Why Knives Out did so well with critics

The reason "Knives Out" is technically the highest-rated film in Jamie Lee Curtis' résumé is because, well, it's really good. It's a cozy mystery film that sets itself up as a whodunnit in the first act, turns into a thriller in the second, and gives us a triumphant final act that still includes a satisfying whodunnit reveal. It's also a breakout performance for Ana de Armas, and the world's introduction to the wonderful gay southern detective that is Detective Benoit Blanc (Daniel Craig). It helps that the movie is star-studded, and it also doesn't hurt that it was an original, self-contained film, something viewers in the franchise-dominated 2019 movie landscape desperately needed. 

Jamie Lee Curtis gives a memorable performance here as Linda Drysdale. She's a woman who's roughly as selfish and out-of-touch as the rest of the rich Thrombey family, but is given extra depth through her loving relationship with her father Harlan (Christopher Plummer). The two share a fondness for writing secret messages with invisible ink, one of the few displays of non-transactional affection we see between Harlan and any of his kids. 

This detail, established in the first act, leads to a cool moment in the movie's final moments, where Linda finds a letter from her father that reveals her husband Richard (Don Johnson) is having an affair. Richard had found the letter early on, but he didn't get rid of it because to him it looked like a blank page — whereas Linda knows exactly what it is the moment she sees it. This all leads up to a devastating, wordless exchange between Linda and her husband, where both of them instantly understand that their marriage is over.

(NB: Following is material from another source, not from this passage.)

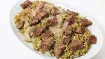 - تقديم الفخذ مع الأرز والفريكة، وتزيين الطبق بالمكسرات المحمصة.
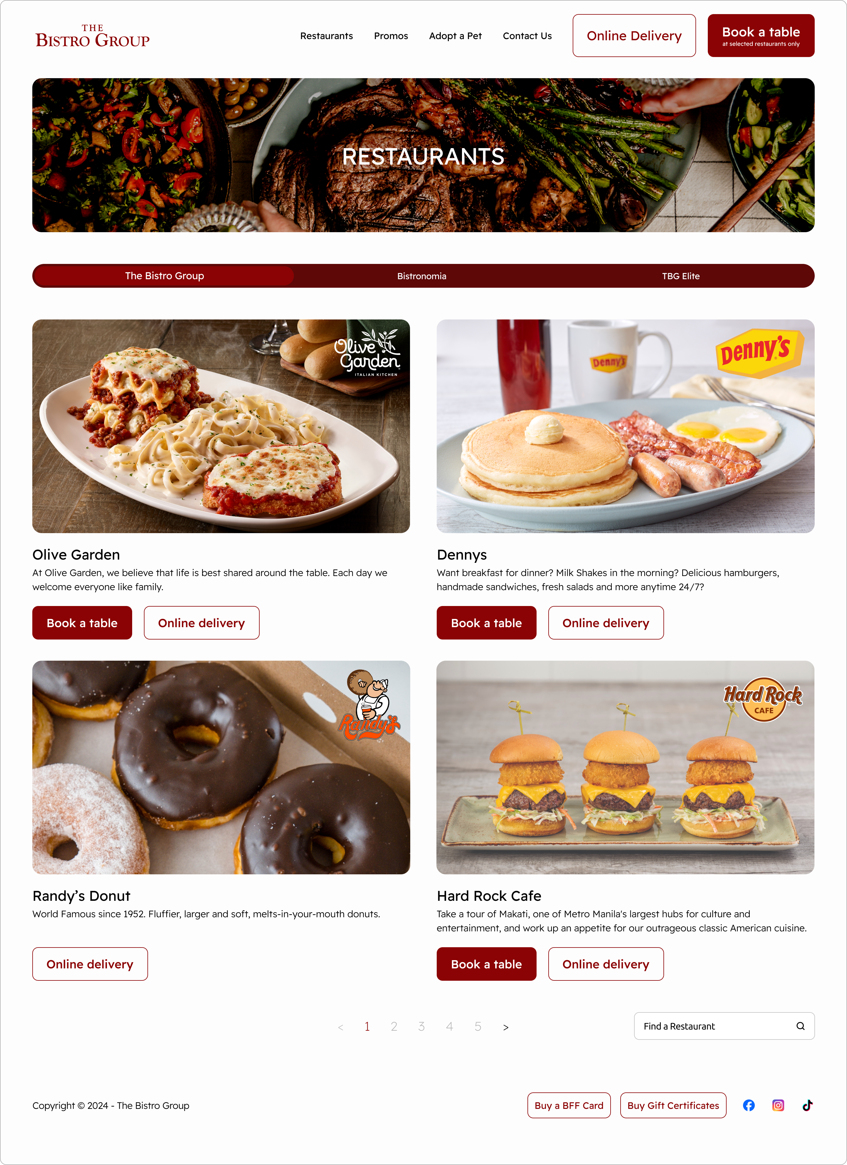 - Seeing more than three items in the gallery can be boring and make it difficult to find specific details, so I recommend splitting the sections into three categories (The Bistro Group, Bistronomia, TBG Elite) using tabs.

Why Halloween and Everything Everywhere All At Once did so well with critics

Another recent non-horror success for Curtis is "Everything Everywhere All at Once," where Curtis plays a grouchy IRS inspector Deirdre Beaubeirdre. Like with Linda in "Knives Out," this is a role that easily could've been one-note and unsympathetic, but "EEAaO" gradually reveals that Deirdre has a soft side. The multiverse premise allows Curtis to play a dozen different versions of Deirdre, and each of them reveal an extra layer to her. Was Curtis's performance memorable enough to deserve beating out Stephanie Hsu at the Oscars that year? Probably not, but Curtis is still undeniably strong. This movie has a 94% rating on the tomatometer, and had one of the best budget-to-box office ratios of 2022.

Although Curtis has proven she can excel in any genre, we do of course still need to recognize "Halloween" as one of the best slasher movies of all time. Curtis's character Laurie is a beloved final girl — in fact, /Film has officially ranked her #1 — not just from her performance in the first film but from her returning role in the "Halloween" franchise's many, many sequels. People can complain all they want about how drawn-out the franchise has become, but with Jamie Lee Curtis as the main lead, can you really blame the writers for going back to this well so often? This was the role Curtis should've won her Oscar for; that 97% Tomatometer rating is 100% deserved.